In F.F.P. Operating Partners, L.P. v. Duenez, 50 TSCJ 764 (Texas, May 11, 2007), the Texas Supreme Court dealt with a case which involved an intoxicated motorist who had purchased beer from a defendant convenience store and was involved in a motor vehicle collision with a third party who sued the beer vendor. The Supreme Court discussed the history of the Texas Dram Shop Act, affirmed its prior decision in Smith v. Sewell, and held that the Dram Shop Act does not make a dram shop automatically, nor vicariously, responsible for all the damages caused by an intoxicated patron. Rather, pursuant to the Texas Proportionate Responsibility Act, a dram shop is only responsible for “its proportionate share of the damages as determined by a jury.” In that connection, the Texas Supreme Court envisions that an injured plaintiff’s suit would ask the jury to determine the proportionate
responsibility of not only the plaintiff, but also that of the dram shop and the intoxicated patron, and the Supreme Court noted that nothing in the Dram Shop Act prevents a provider of alcoholic beverages from lessening or escaping liability altogether if the jury determined that the intoxicated patron was completely responsible for the damages suffered by a third party. The Supreme Court
thus expressly confirmed that the Court’s earlier decision in Sewell was not limited to first party actions in which the intoxicated patron was suing the dram shop for the patron’s own injuries.

•Medical Malpractice – Failure of Patient To Give Accurate Medical History Constitutes Contributory Negligence:

In Jackson v.
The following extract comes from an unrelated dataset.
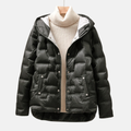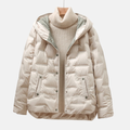 Embrace refined comfort with our Women’s Puffer Jacket. Crafted with a sophisticated woven shell and a relaxed fit, this jacket features an attached hood and snap button closure, offering timeless style and versatile warmth for any casual outing.
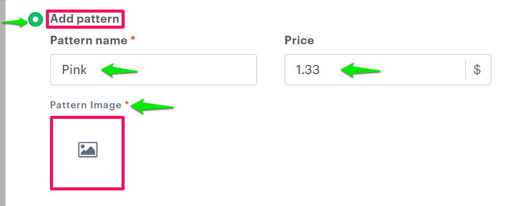 6. Select the radio button of Add Pattern, set the properties such as pattern name and price, then click the box under Pattern Image and upload the image from your local system.

Axelrad, 50 TSCJ 628 (Texas, April 20, 2007), the Supreme Court dealt with an unusual malpractice case wherein the plaintiff was a psychiatrist, and the defendant was an internist. In holding that the plaintiff psychiatrist was precluded from recovery by his contributory negligence, the Court ruled that a patient’s failure to give an adequate medical history may constitute negligence. The Court further ruled the standard of care required in a case in which a defendant is a physician (and also required of the plaintiff where the plaintiff is a physician) is not a higher standard of care such as found in strict liability cases or common
carrier cases. Rather, it is the “ordinary-care standard, modified to instruct jurors that ‘under the same or simisimilar circumstances’ they must consider a physician’s training” as well, and that when a party is an expert, the negligence attributed to that party must be judged in light of a standard of care that takes into account that expert’s special skill and training, even though it is, in fact, simply a form of the normal standard of care of “reasonable prudence under the circumstances.”

•Medical Malpractice – Total Lack of Consent Is Not A Lack of Informed Consent:

In Schaub v. Sanchez, 50 TSCJ 919 (Texas, June 27, 2007), the Supreme Court dealt with our cause of action of “informed consent,” which is statutorily defined as a claim based upon a physician’s failure to “disclose or adequately disclose the risks and hazards involved in the medical care of surgical procedures.” The Court held that an action for “total lack of consent” such as where no information at all is given or where the plaintiff is treated while unconscious, is akin to a battery or negligence, and is not the same as the claim of lack of “informed consent.”

•Relevance Has Its Limits In Discovery:

The Supreme Court addressed unbridled discovery requests in the case of In Re All State County Mutual Insurance Company, 50 TSCJ 902 (Texas, June 15, 2007), and stated that “discovery is a tool to make the trial process more focused, not a weapon to make it more expensive.” The Court held that trial courts “must make an effort to impose reasonable discovery limits.” The Court addressed impermissibly overbroad discovery requests, as well as those which seek irrelevant information, and held that “overbroad requests for irrelevant information are improper, whether burdensome or not, and that defendants are not required to detail what such requests might encompass in order to prevail against them. Accordingly, the Supreme Court granted a writ of mandamus directing the trial court to vacate its discovery order.